This recipe is part of my review of the Blendtec Designer Series Blender with Twister Jar. To enter to win one for yourself, click the image below!
I can’t take credit for the genius of this recipe. I found my inspiration for it in Where There’s Smoke by Barton Seaver. The original recipe calls for cooking the squash in a bed of hot embers, which sounds downright dreamy. But I recognize that not everyone has hot embers at their disposal, so this method might not be practical for all. If you do, please go make the recipe exactly as he wrote it. Skip the baguette, obviously, but if you eat the occasional gluten-free sourdough, order yourself some Bread SRSLY. SRSLY. The ingredients are super clean, and this stuff is legit, made the right way right here in San Francisco. If you’re local, check their site for Good Eggs delivery options and local markets that carry it. And if you’re not, you’re in luck because they recently started shipping their sourdough breads all over the country.
I swear I don’t get paid to say any of the above. I don’t even get free bread! I just really appreciate the fact that there’s a good option for when I feel like jumping off the paleo wagon and having a damn good sando.
Back to the matter at hand: Hummus, sans garbanzos. I made this recipe for the first time for the Fallon Hills Ranch dinner I did last month. It was part of the second course, which was homemade fresh beef sausage, smoked squash hummus, fennel kraut, shaved apples, and micro greens. Yet another example of just how tough it is to eat paleo; it’s just so restrictive. Poor us.
When I made this hummus for the dinner, I threw it in the smoker for an hour, and then roasted it until it was super soft.

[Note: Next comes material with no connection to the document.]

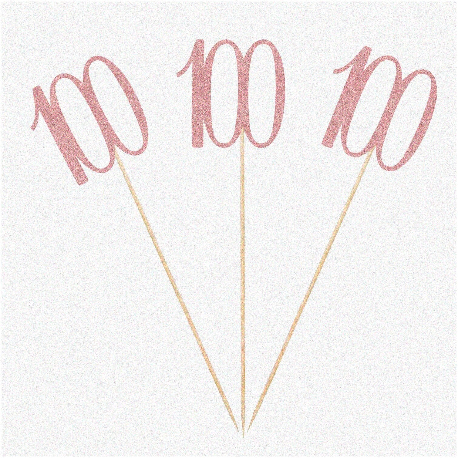 Celebrate a special milestone with this set of 12 sparkling Rose Gold 100th Glitter Birthday Centerpiece Sticks. Each pack includes 12 double-sided glitter number cut-outs featuring the number 100, along with 12 sticks and 14 additional pieces for easy assembly. These eye-catching decorations add a touch of glamour to any anniversary or milestone celebration. The glitter finish enhances their visual appeal, making them stand out on tabletops and creating a festive atmosphere. Designed for versatility, these centerpiece sticks are suitable for various event settings and can be used to decorate tables, dessert displays, or photo areas. Their durable construction ensures they will hold up throughout the celebration, providing a stylish and memorable accent to your party decor. Elevate your event with these elegant and shimmering decorations that are sure to impress your guests. Features include 12 double-sided glitter number cut-outs, 12 sticks, and 14 additional pieces.

But I wanted to even further adapt this loveliness for those of you who would like to prepare the entire dish from the comfort of your kitchen. Roasting the squash in the oven with smoked paprika gives it the essence of smokiness that you’d get from roasting it in embers. Not the full effect, but it’s still delicious.
smoked squash hummus
For the squash
3 pounds squash, diced in one inch pieces (about one medium butternut, or your favorite hard squash)
1 tablespoon olive oil
1/4 teaspoon salt
1 teaspoon smoked paprika
For the hummus
1 C tahini
1/4 C lemon juice
1 C olive oil
1/8 t chipotle for a kick, or paprika for mild
- Preheat oven to 425.
- Slice the squash(s) in half and scoop out the seeds. Rub with olive oil, and sprinkle with salt and smoked paprika. Place on a baking sheet.
- Roast squash for 45 minutes to one hour, or until very soft.
- Once cool enough to handle, scoop out the squash into the twister jar of your Blendtec.*
- Add the tahini, lemon juice, and chipotle or paprika.
- Blend until smooth, using the twister top to keep everything moving.
- Drizzle in the olive oil, and continue to blend until very smooth.
- Season to taste with additional salt, paprika and/or cayenne, and lemon juice.
- Serve with fresh veggies and/or grain-free everything crackers
* If you don’t have a high powered blender, you can make this recipe in a food processor.